Benjamin’s pursuit of the man in the photo, the homunculus Isidoro Gomez, takes us to the film’s central stylistic set piece, an insanely ostentatious foot chase through a packed football stadium. The manner in which Campanella and cinematographer Félix Monti shoot this clearly CGI-assisted, ornate long take—starting from what seems like more than 1,000 feet in the sky, descending upon the brightly lit arena, until finally spotting Benjamin and his partner Pablo (Guillermo Francella) in the bleachers, then joining them in the crowd as they spot their elusive prey and track him down through a sea of bobbing, weaving heads— seems not only meant to elicit how’d-they-do-that wows from the audience (at the very least, now we know what a Gaspar Noé–directed version of Invictus would look like) but also, and more to the point, to wash away memories of the cripplingly ludicrous plot rationale that got them there in the first place. In the prior scene, Pablo, a tiresome, bumbling drunk, regales a barroom full of soused patrons with a supposedly revealing (and endless) treatise on men’s personal passions. What is it that brings men together above all else?, he muses to Benjamin, who has reached a dead-end in his tracking down of Isidoro. Why, it’s soccer! Cut to Benjamin and Pablo, needles in a haystack of screaming male sports fans, Isidoro easily identified among them.
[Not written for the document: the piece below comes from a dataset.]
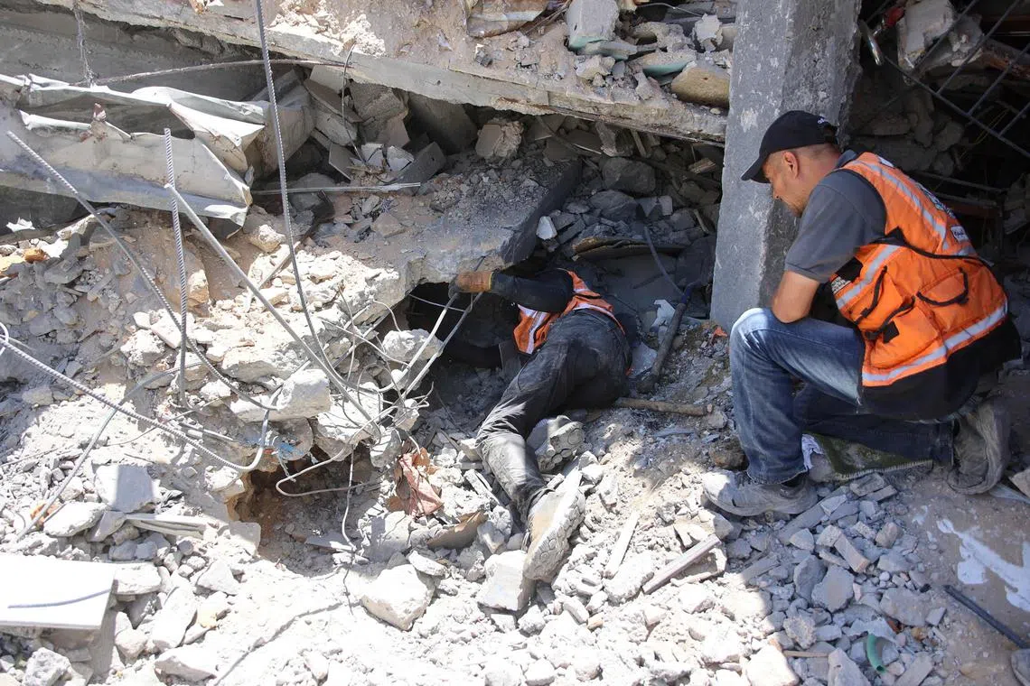 Rescuers search through the rubble of a Jabalia refugee camp building on June 1, after it was hit in an Israeli strike.

Penis Isidoro hath. And lest we forget that fact, in the very next scene he whips it out. Back in Benjamin’s offices, the twitching and clearly guilty-of-something Isidoro is tricked into a confession via some highly questionable methods, which include Irene impugning his manhood by calling him a “twinkie”; to prove he’s no lightweight, and that, yes, he’s capable of a formidable raping, Isidiro introduces his sizable, flaccid member to Irene and Benjamin. Goal! Unfortunately, there’s still over an hour left, and years of overwrought political corruption, minor personal tragedies, and bogus ruminations on justice to go before we sleep. There’s also Benjamin and Irene’s tremulous non-romance, obstructed not only by their own class differences and emotional hesitancy but also ugly handheld cinematography that sometimes rudely covers their faces with foregrounded lamps. Oh, and in between, Benjamin apparently marries. His wife remains unseen and their entire relationship is shrugged off in one sentence (“It didn’t work out”) meant to inspire heartbreak but only results in one more female character not given a voice.